Francois Poirier: Linda, I’ll start and pass it over to Stan for a bit more detail. Just sort of a bigger picture pulling up to 40,000 feet, we’ve had very good success getting permits for our projects. As a matter of fact, we recently received FERC approval for 1 of our projects in Virginia about four months early. So it’s going to allow us to actually accelerate a little bit of our capital spend, which will generate incremental EBITDA earlier than we had expected, and that’s going to improve the IRR of the project. As a general matter, as you know, we’re spending more capital on maintenance because the utilization of our assets is so high. So we are, as a strategy, in order to minimize regulatory lag in the United States, going to be continuing to file rate cases more frequently wherever we are allowed to do that.

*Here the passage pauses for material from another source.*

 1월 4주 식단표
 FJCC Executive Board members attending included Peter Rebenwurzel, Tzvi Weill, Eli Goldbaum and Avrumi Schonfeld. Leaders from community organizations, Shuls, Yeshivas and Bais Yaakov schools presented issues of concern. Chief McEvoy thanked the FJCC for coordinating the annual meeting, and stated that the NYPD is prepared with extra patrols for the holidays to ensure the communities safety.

And of course, we are going to be proceeding in that regard on Columbia in 2025. With respect to the Chevron doctrine and some of the other details, I’ll kick it over to Stan.

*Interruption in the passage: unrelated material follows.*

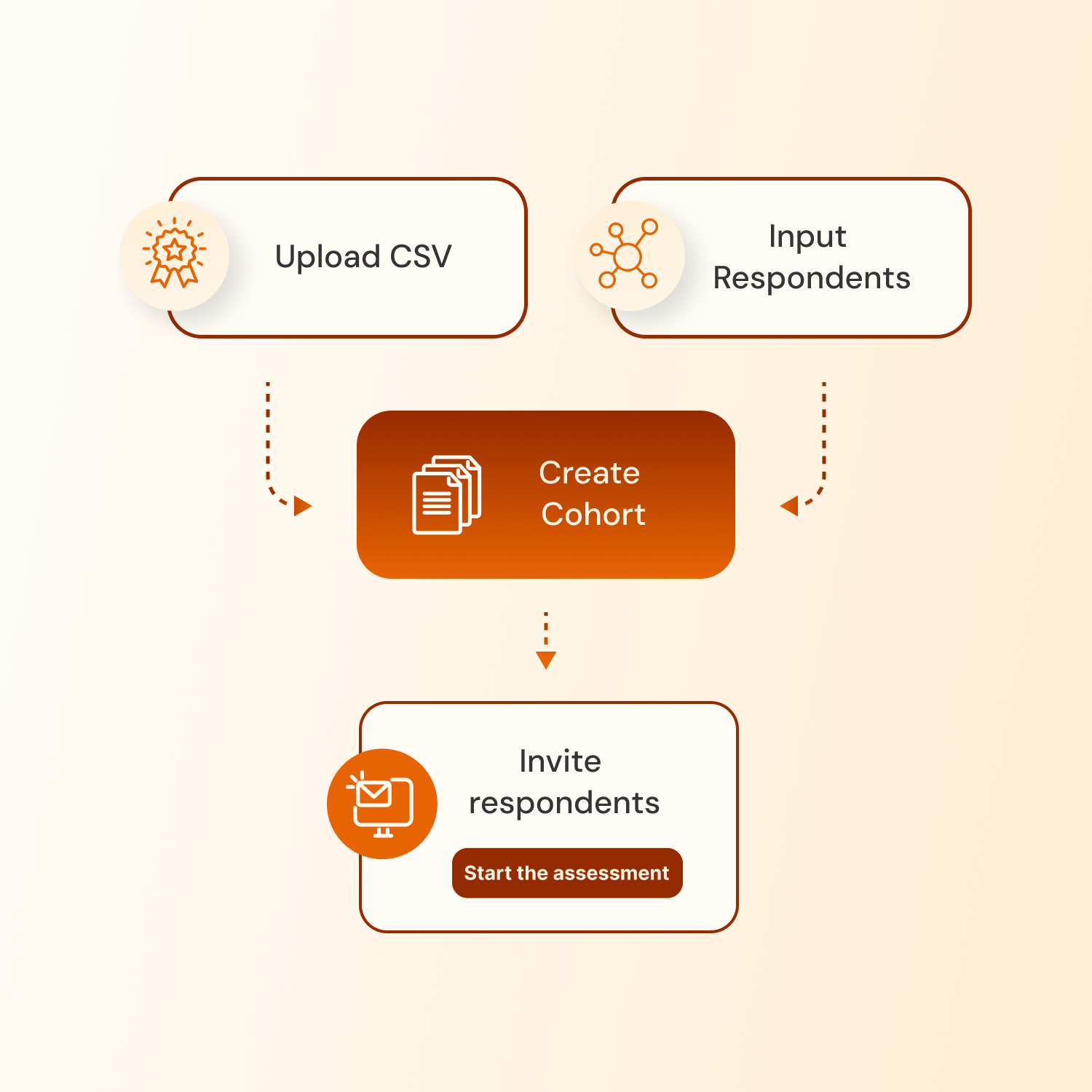 Administrators can use CSV Upload or enter respondent details to create cohorts for subjects. Automated emails are sent to respondents, inviting them to complete the assessment.

Stan Chapman: Yeah, Linda, I would maybe preface my remarks by saying that, given that we are making as an industry and a company long-term large-dollar capital investments in critically needed energy infrastructure, predictability and stability in the regulatory, judicial, and legislative process is really critical for us. I really don’t see, absent there being something unforeseen, any drastic changes in terms of how we file and prosecute rate cases, for example, due to the Chevron doctrine, in that you may recall that in the US, most of our rate cases tend to be settled with our customers rather than litigated, nor do I see there being any significant changes with respect to how we operate the pipe. Given that, this could lead to more of the tedious outcomes, we may have to build in longer lead times for originating and constructing our projects.
But at the end of the day, we need to wait and see what, if anything, comes out of the Supreme Court decision, and then we’ll respond to those changes accordingly.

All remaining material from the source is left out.